There was a story on Slashdot about 'build'. There were of course a few nasty comments. But there was also a nice one:

Wow!

I'm slashdot user #15,884 and my make-based autoconfiguration system is at least 3x as long. I could really learn from this guy.

macSpice committed

The macOS fixes for Spice-GTK are in. I still need a special environment, which looks like:

#!/bin/sh
export PATH=$PATH:/usr/local/Cellar/gettext/0.19.8.1/bin
export CFLAGS="-ObjC -g"
export CXXFLAGS=" -g"
export CPPFLAGS="-I/usr/local/opt/jpeg-turbo/include -I/usr/local/include -I/usr/local/Cellar/openssl/1.0.2j/include"
export LDFLAGS="-g -L/usr/local/opt/jpeg-turbo/lib -L/usr/local/lib -L/usr/local/Cellar/openssl/1.0.2j/lib"

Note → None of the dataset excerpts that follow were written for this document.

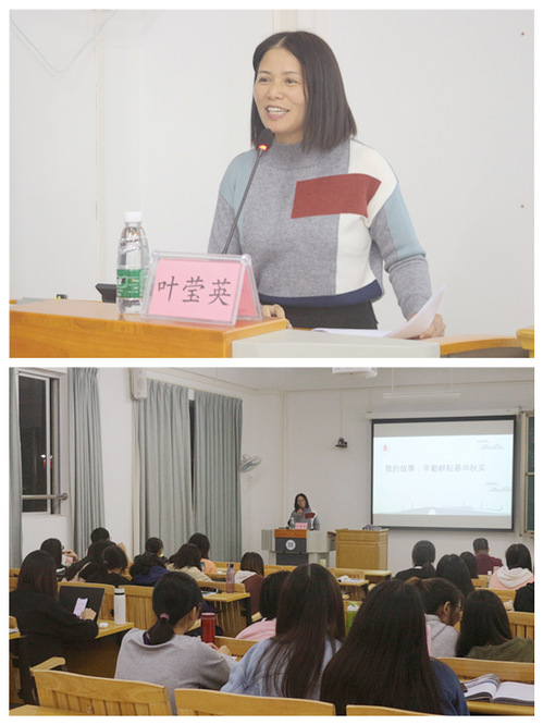 叶莹英老师从“自我介绍”“题外话”“我的故事”“总结反思”几个方面诠释了“辛勤耕耘,春华秋实”的主题。她以轻松愉悦的方式,充分结合自身的教学经历,向同学们讲述了她教学生涯中的成长与收获,并提出了自己对于教师这一职业的三个看法。一是要重视教师对学生的影响力;二是要多准备,少埋怨;三是要珍惜当下,快乐生活。在此基础上,她总结了成为一名受欢迎的教师的四点经验,一是知识,大学时期的专业要过关,知识储备要丰富;二是特点,任教初期要树立自己的教学风格,给学生留下深刻印象;三是创新,课堂教学设计要创新,授课要活跃;四是反思,课后要常反思,多用心,细心总结经验。
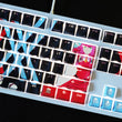 This mechanical keycaps set features various prints of Zero Two from the anime "DARLING in the FRANXX" that are bound together with black, red and blue colouring, combined with Backlit keycaps, Zero Two illuminates when LEDs pass through the keycaps.
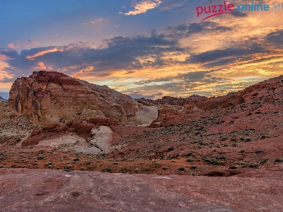 Valley of Fire, Skały, Dolina Ognia, Stany Zjednoczone, Zachód słońca, Piaskowce, Nevada
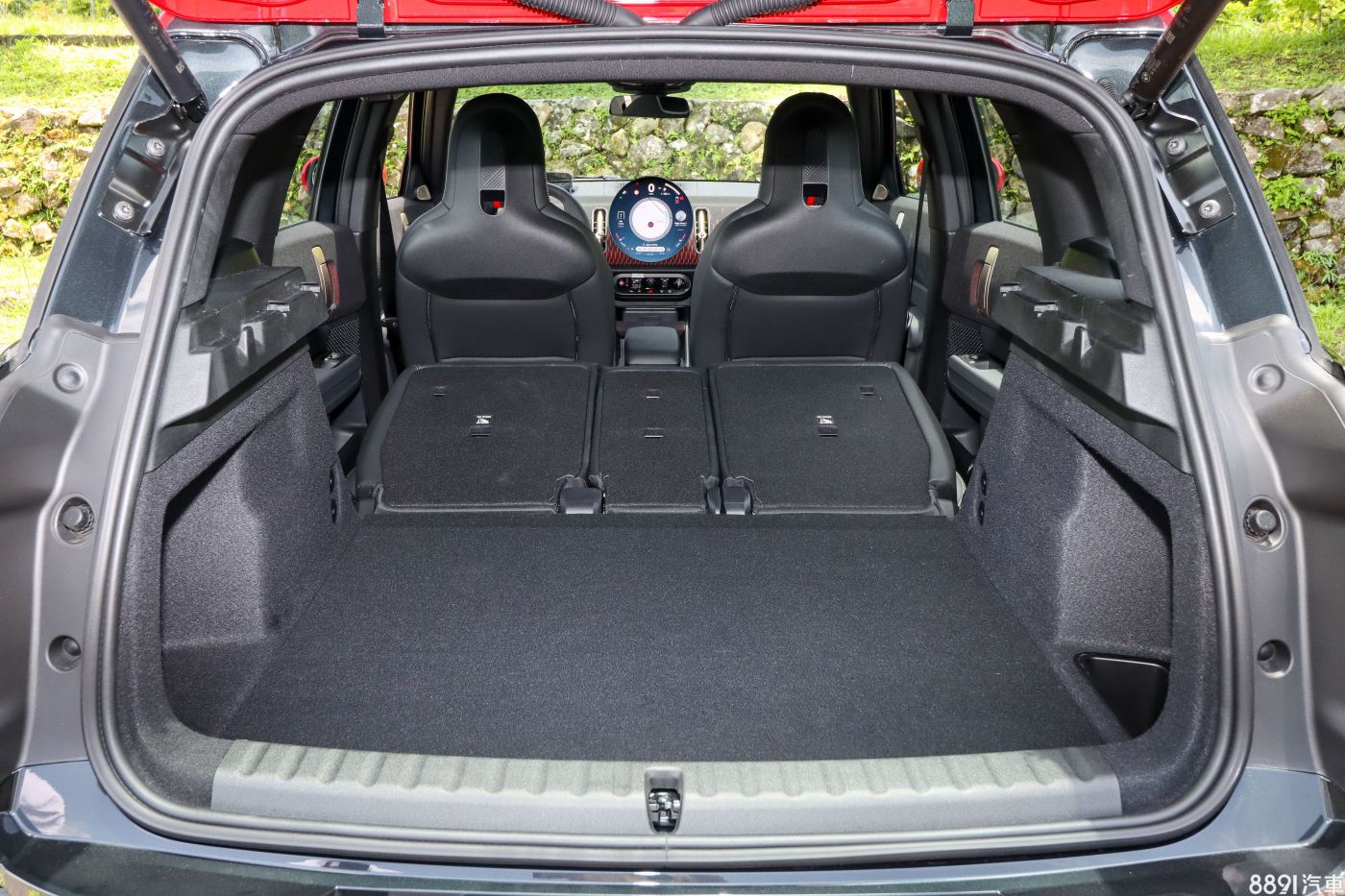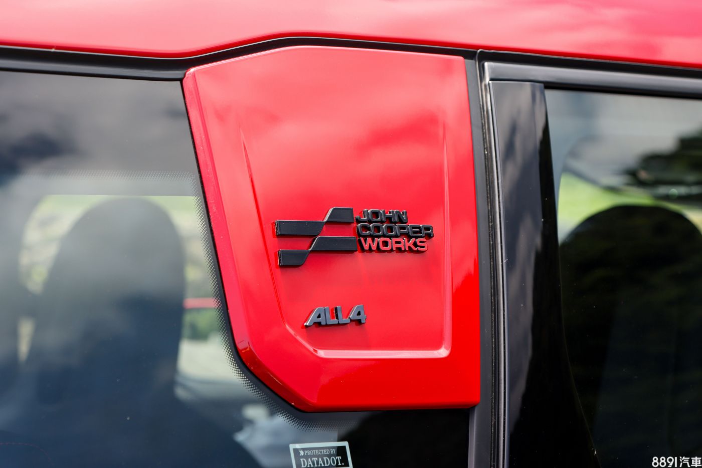 C柱後方的飾板,是新一代Countryman的小巧思,上頭的設計會隨著不同車型變化,在JCW上面自然就是大喇喇的秀出身份象徵,方格旗的圖案一直是JCW的身份識別,以後應該會有不少改裝品可以讓車主在這發揮創意。

Christophe Fergeau and I discussed to see if there is a better way to do this. For example, the -ObjC option derives from an error building vncdisplaykeymap.c without it:

In file included from vncdisplaykeymap.c:95:
In file included from /usr/local/Cellar/gtk+3/3.22.7/include/gtk-3.0/gdk/gdkquartz.h:23:
In file included from /Applications/Xcode.app/Contents/Developer/Platforms/MacOSX.platform/Developer/SDKs/MacOSX10.12.sdk/System/Library/Frameworks/AppKit.framework/Headers/AppKit.h:10:
In file included from /Applications/Xcode.app/Contents/Developer/Platforms/MacOSX.platform/Developer/SDKs/MacOSX10.12.sdk/System/Library/Frameworks/Foundation.framework/Headers/Foundation.h:8:
/Applications/Xcode.app/Contents/Developer/Platforms/MacOSX.platform/Developer/SDKs/MacOSX10.12.sdk/System/Library/Frameworks/Foundation.framework/Headers/NSObjCRuntime.h:492:1: error:
      expected identifier or '('
@class NSString, Protocol;
^

Arguably, that can be interpreted either as:

  • an issue with using a .c extension for code that depends on Objective-C in vncdisplaykeymap.c. So maybe the Cocoa-dependent code in the macOS version should be placed in some vncdisplaykeymap.m file.
  • or an issue with the .pc files for gtk. If the intent is that file <gdk/gdkquartz.h> can be included from a C source code, then that should be reflected by pkg-config --cflags:
    % pkg-config --cflags --libs gtk+-3.0
    

    -D_REENTRANT -I/usr/local/Cellar/gtk+3/3.22.7/include/gtk-3.0 -I/usr/local/Cellar/glib/2.52.2/include/gio-unix-2.0/ -I/usr/local/Cellar/cairo/1.14.8/include/cairo -I/usr/local/Cellar/libepoxy/1.3.1/include -I/usr/local/Cellar/pango/1.40.3/include/pango-1.0 -I/usr/local/Cellar/harfbuzz/1.4.1/include/harfbuzz -I/usr/local/Cellar/pango/1.40.3/include/pango-1.0 -I/usr/local/Cellar/atk/2.22.0/include/atk-1.0 -I/usr/local/Cellar/cairo/1.14.8/include/cairo -I/usr/local/Cellar/pixman/0.34.0/include/pixman-1 -I/usr/local/Cellar/fontconfig/2.12.1_2/include -I/usr/local/opt/freetype/include/freetype2 -I/usr/local/Cellar/libpng/1.6.29/include/libpng16 -I/usr/local/Cellar/gdk-pixbuf/2.36.6/include/gdk-pixbuf-2.0 -I/usr/local/Cellar/libpng/1.6.29/include/libpng16 -I/usr/local/Cellar/glib/2.52.2/include/glib-2.0 -I/usr/local/Cellar/glib/2.52.2/lib/glib-2.0/include -I/usr/local/opt/gettext/include -I/usr/local/Cellar/pcre/8.40/include -L/usr/local/Cellar/gtk+3/3.22.7/lib -L/usr/local/Cellar/pango/1.40.3/lib -L/usr/local/Cellar/atk/2.22.0/lib -L/usr/local/Cellar/cairo/1.14.8/lib -L/usr/local/Cellar/gdk-pixbuf/2.36.6/lib -L/usr/local/Cellar/glib/2.52.2/lib -L/usr/local/opt/gettext/lib -lgtk-3 -lgdk-3 -lpangocairo-1.0 -lpango-1.0 -latk-1.0 -lcairo-gobject -lcairo -lgdk_pixbuf-2.0 -lgio-2.0 -lgobject-2.0 -lglib-2.0 -lintl -Wl,-framework -Wl,CoreFoundation

Christophe will ask the maintainers of gtk-osx.